DIANE M. JOHNSEN, Presiding Judge, JON W. THOMPSON, Judge, concurring.

FootNotes


1. We view the evidence in the light most favorable to sustaining the convictions and resolve all reasonable inferences against defendant. State v. Manzanedo, 210 Ariz. 292, 293, ¶ 3, 110 P.3d 1026, 1027 (App. 2005).
2. Miranda v. Arizona, 384 U.S. 436 (1966).
3. Jurors did, however, receive the following instruction: Stricken evidence: At times I may order some evidence to be stricken from the secord. Then it is no longer evidence and you must not consider it for any purpose[.]

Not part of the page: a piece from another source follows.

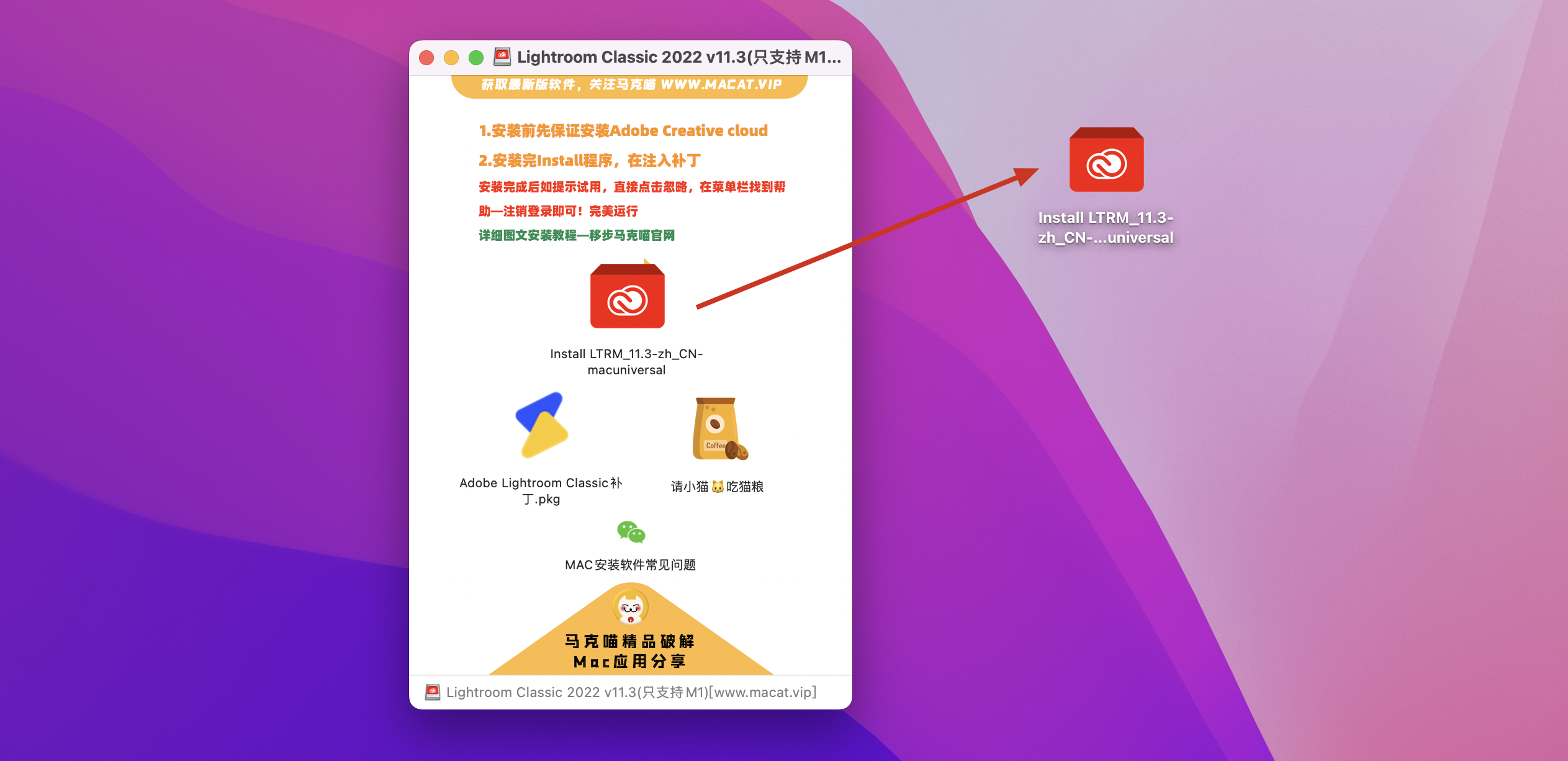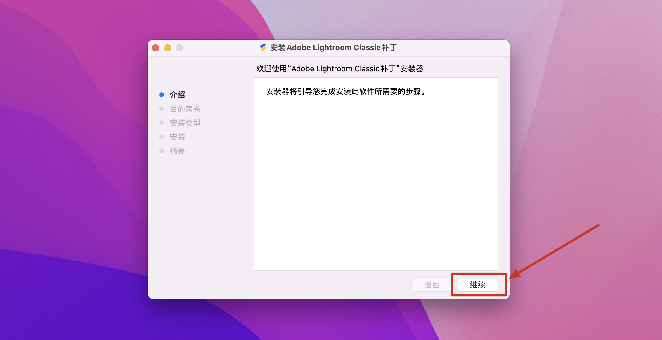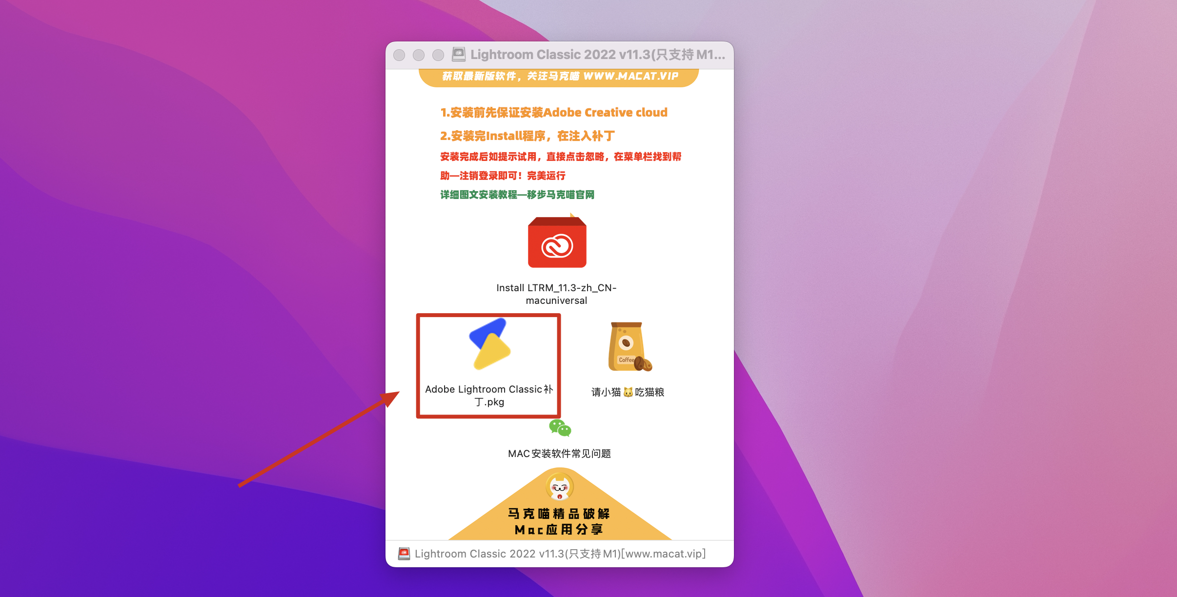 安装完成后返回镜像包,双击Lightroom Classic破解补丁.pkg,根据安装器提示完成安装即可破解。

4. The proposed instruction reads: "You were previously instructed to disregard Detective Kelly's testimony that stated Mr. Billy Burton `refused' to talk to him. Mr. Billy Burton did not refuse to talk to Detective Kelly. Mr. Billy Burton did talk to Detective Kelly. However, Detective Kelly did not obtain any incriminating statements from Mr. Billy Burton."
5. The record also reflects that the court was concerned about unduly drawing the jury's attention to the statement. See, e.g., State v. Newell, 212 Ariz. 389, 402, ¶ 61, 132 P.3d 833, 846 (2006) (in context of prosecutorial misconduct, trial court is in best position to gauge effect of comments on jury).
6. Trevor was with Brian at the apartment complex.